Michal Kapusta

Investment Research | Finance | R programming

What can hotel landlords learn from the guest reviews? Use case from booking.com dataset

Background Information

In this article, I will analyze textual data from hotel reviews. This analysis will focus on real estate investors or landlords since guest reviews offer insight into hotel performace. Social media and smartphone revolution enabled reviews, comments and travel blogs to be written by guests. Nowadays, every single guest is kindly asked to write a review of his stay. These reviews are stored on websites. Several websites (tripadvisors.com, booking.com) reached a critical size and contain extensive data on the first-hand guests experiences. This textual data is valuable but hard to extract. Humans will struggle to read thousands of reviews and then write a non-biased analysis. Computers can.

This article is broken into three chapters:

  • Chapter #1 What can we learn from guest score distribution?
  • Chapter #2 Can we spot what’s wrong with a group of hotels using one chart?
  • Chapter #3 Recommendation for property owner: Strand Palace Hotel reviews analysis.

What can we learn from guest score distribution?
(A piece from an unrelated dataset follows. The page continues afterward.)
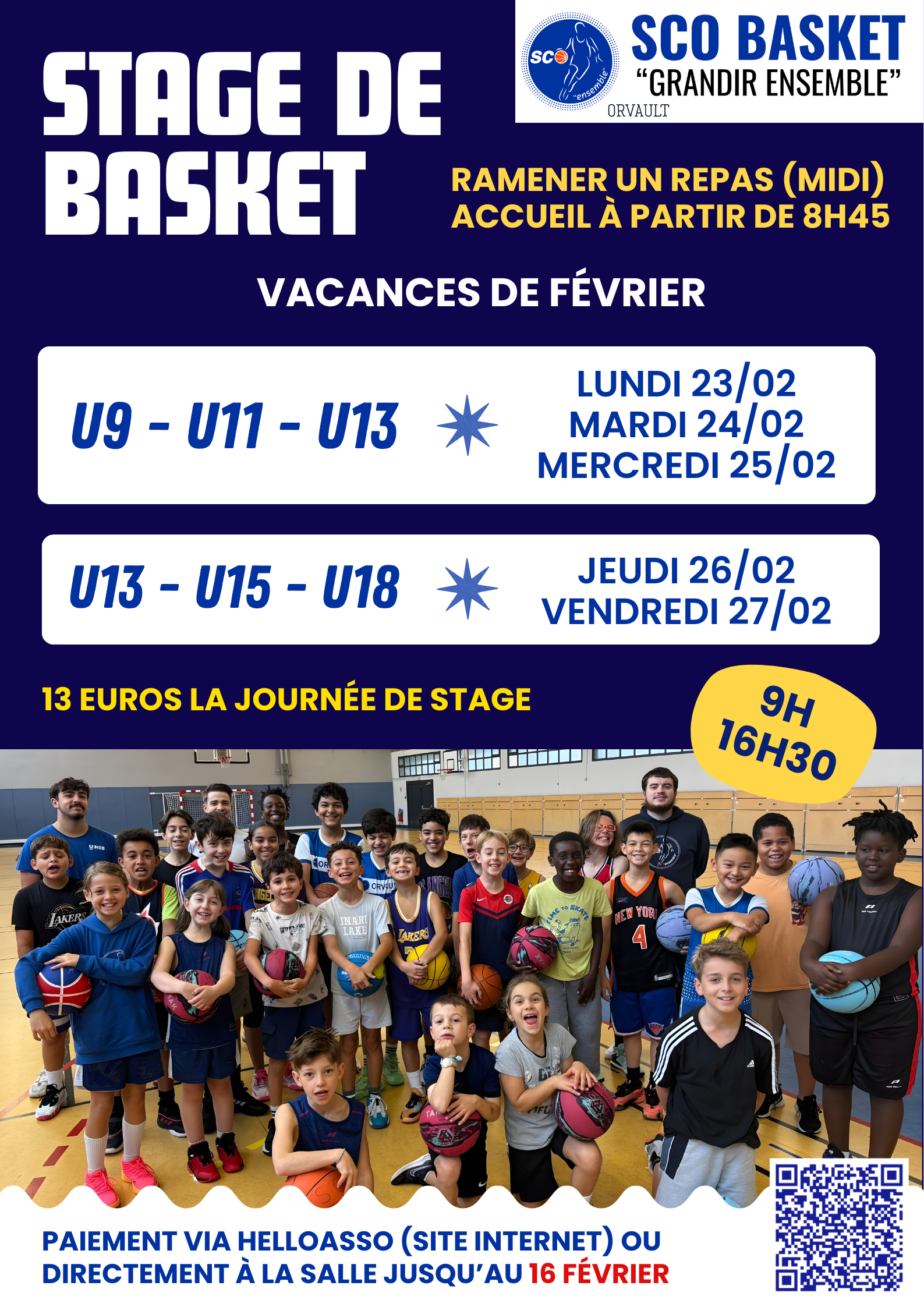 https://www.helloasso.com/associations/sporting-club-orvault-basket/evenements/stage-de-basket-fevrier-2025 - Avec un dossier papier + chèque à déposer au bureau du club, sous enveloppe précisant : la mention “stage” + le(s) nom(s) des enfant(s) + catégorie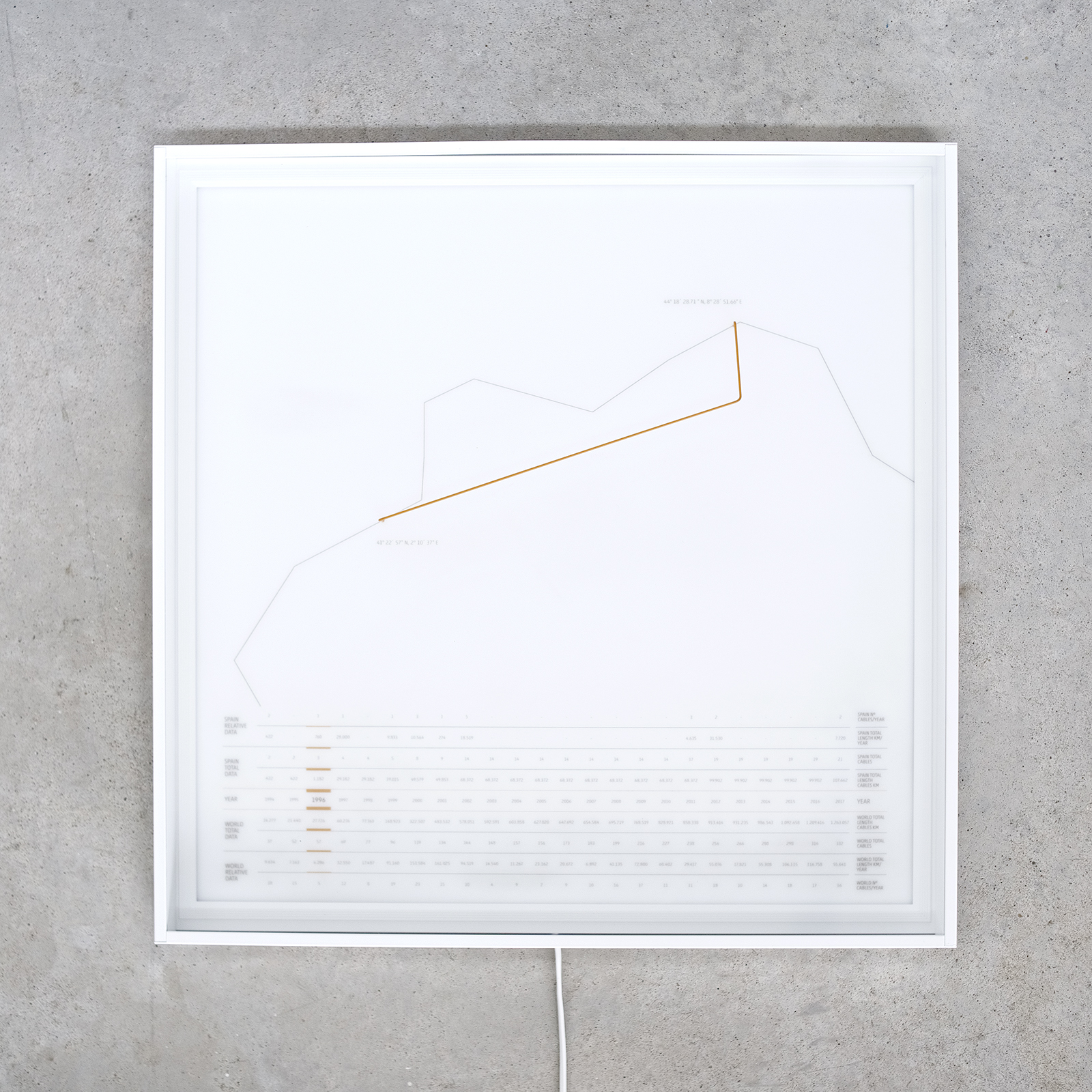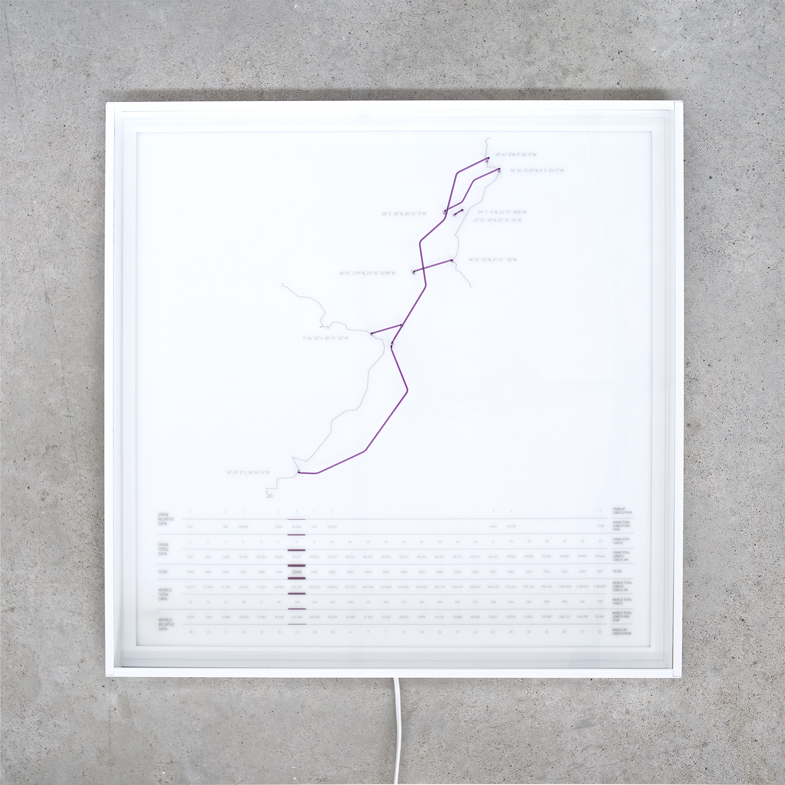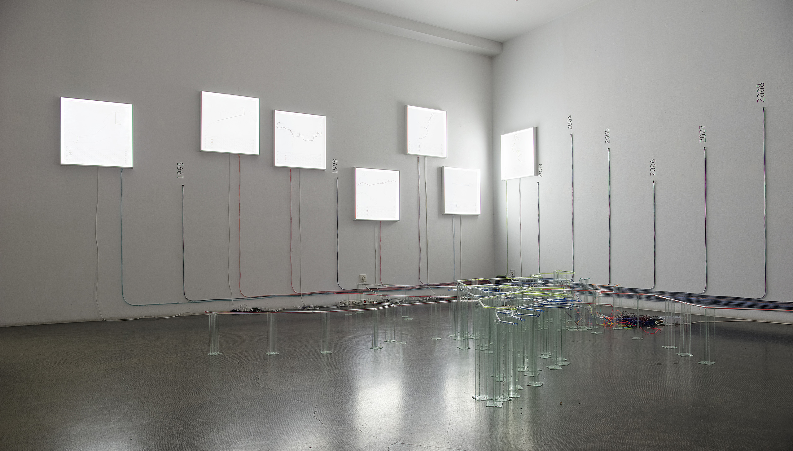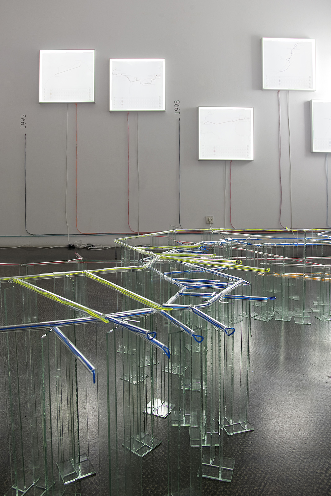 The exhibition space becomes a large installation of coloured electroluminescent cable tubes (according to their year of implantation) arranged horizontally and at different heights on the floor of the room, which three-dimensionally trace the underwater layout of the twenty-one submarine cables that connect our geography with the rest of the planet. All the cables implanted in the same year have a similar colour, for quick identification, and are constructed with a transparent glass tube through which a line of light circulates; a rhizome of coloured threads with a dynamic flow of intensity and fluctuation.

The data used in this analysis is available on the website www.kaggle.com. The dataset of interest is from the www.booking.com and contains nearly 500.000 reviews from approx. 1500 hotels (Paris, Barcelona, Vienna, London and Milan).

Now, let’s look at all hotels on displayed on a map.

Glancing over the map we can state that the dataset contains hotel located mostly in the city center. Next, let’s look at the distribution of hotel score by business, and leisure guests. Bear in mind, that 10 points are the highest score and one is the lowest score the hotel guest can provide.

The chart shows business guests are more critical with an average score of 8.19. Leisure guests scored their trip on average - 8.53. Additionally, the business guest review distribution is a more slightly “wider”. This means inconsistent hotel experience might exist. As a hotel operator, you always prefer to achieve consistent (high) results - thus narrow distribution is desired.

Now, lets find out if the distributions is different across cities?

From the chart above we can see that the business guest review score varies between 7.9 (Milan) and 8.35 (Vienna). Additionally, the leisure guests consistently score their hotel stay higher than business travelers. Interesting!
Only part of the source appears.